U.S. Marshals Service
The U.S. Marshals Service is the nation’s oldest and most versatile federal law enforcement agency. Federal marshals have served the country since 1789, often in unseen but critical ways. The Marshals Service occupies a uniquely central position in the federal justice system. It is the enforcement arm of the federal courts, involved in virtually every federal law enforcement initiative.
The duties of the U.S. Marshals Service include protecting the federal judiciary, apprehending federal fugitives, managing and selling seized assets acquired by criminals through illegal activities, housing and transporting federal prisoners and operating the Witness Security Program. The agency’s headquarters is just across the Potomac River from Washington, D.C.
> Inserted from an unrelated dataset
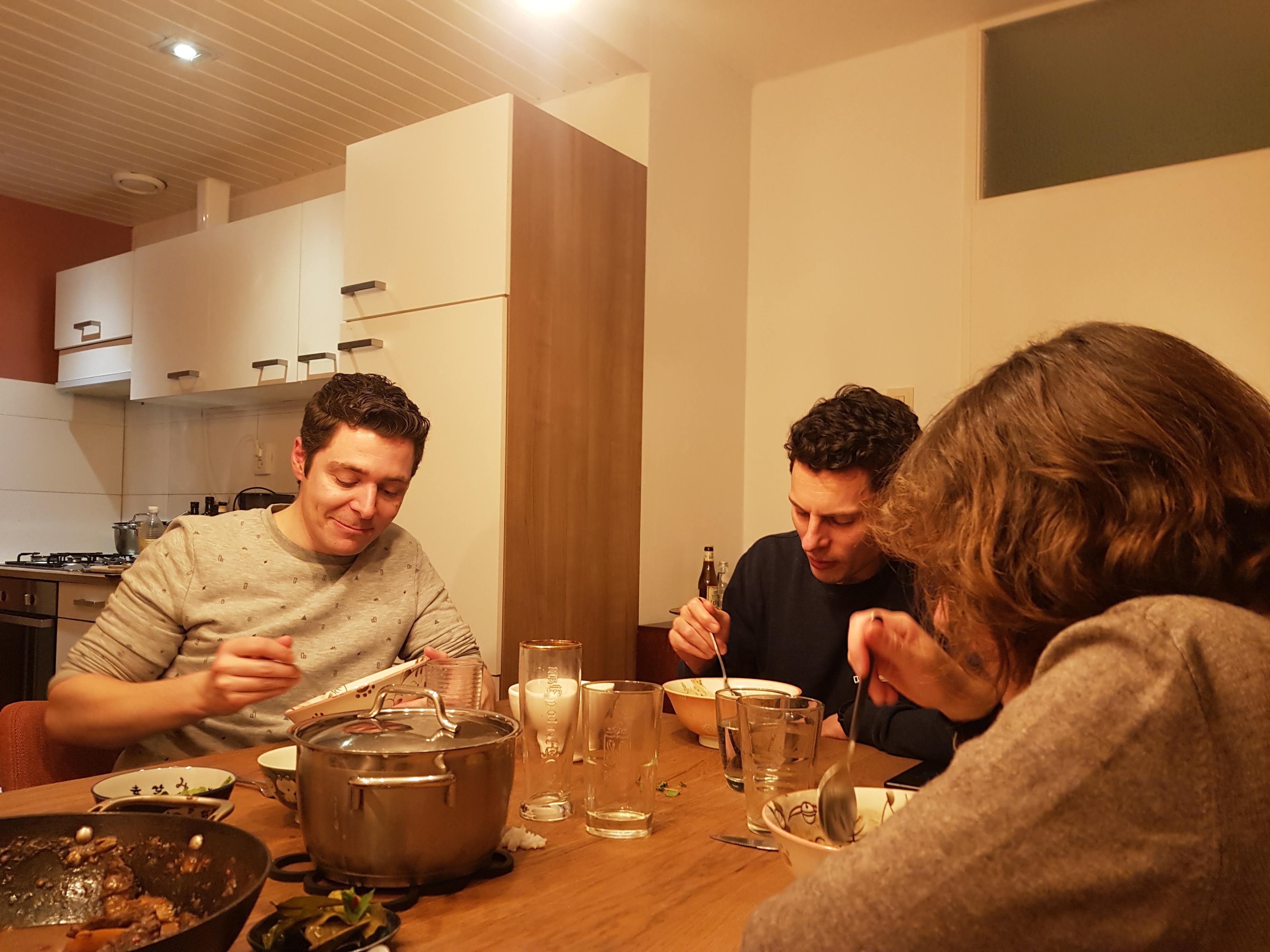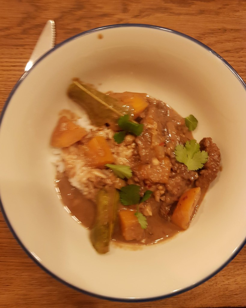 Ze konden allemaal nog een flesje mee naar huis nemen. Daarna hadden we een heerlijke Thaise soep met garnalen en kokosmelk en Massaman curry met rijst. De foto’s zijn niet zo scherp, maar het smaakte prima, we hebben er allemaal van zitten smullen.

U.S. Postal Inspection Service
The mission of the U.S. Postal Inspection Service is to support and protect the U.S. Postal Service and its employees, infrastructure, and customers; enforce the laws that defend the nation’s mail system from illegal or dangerous use; and ensure public trust in the mail.
As one of our country’s oldest federal law enforcement agencies, founded by Benjamin Franklin, we have a proud and successful history of fighting criminals who attack the nation’s postal system and misuse it to defraud, endanger, or otherwise threaten the American public. As the federal law enforcement, crime prevention, and security arm of the Postal Service, our goal is to ensure confidence in the U.S. Mail. We work to assure that American businesses can safely dispatch funds, securities, and information through the U.S. Mail; that postal customers can entrust their correspondence to the mail, and those postal employees can work in a safe environment.
U.S. Secret Service
The United States Secret Service is a federal law enforcement agency with headquarters in Washington, D.C, and more than 150 offices throughout the United States and abroad. The Secret Service was established in 1865, solely to suppress the counterfeiting of U.S. currency.
Mission & Vision
Today, the agency is mandated by Congress to carry out dual missions: protection of national and visiting foreign leaders, and criminal investigations. The vision of the United States Secret Service is to uphold the tradition of excellence in its investigative and protective mission through a dedicated, highly-trained, diverse, partner-oriented workforce that employs progressive technology and promotes professionalism. The mission of the United States Secret Service is to safeguard the nation’s financial infrastructure and payment systems to preserve the integrity of the economy, and to protect national leaders, visiting heads of state and government, designated sites and National Special Security Events.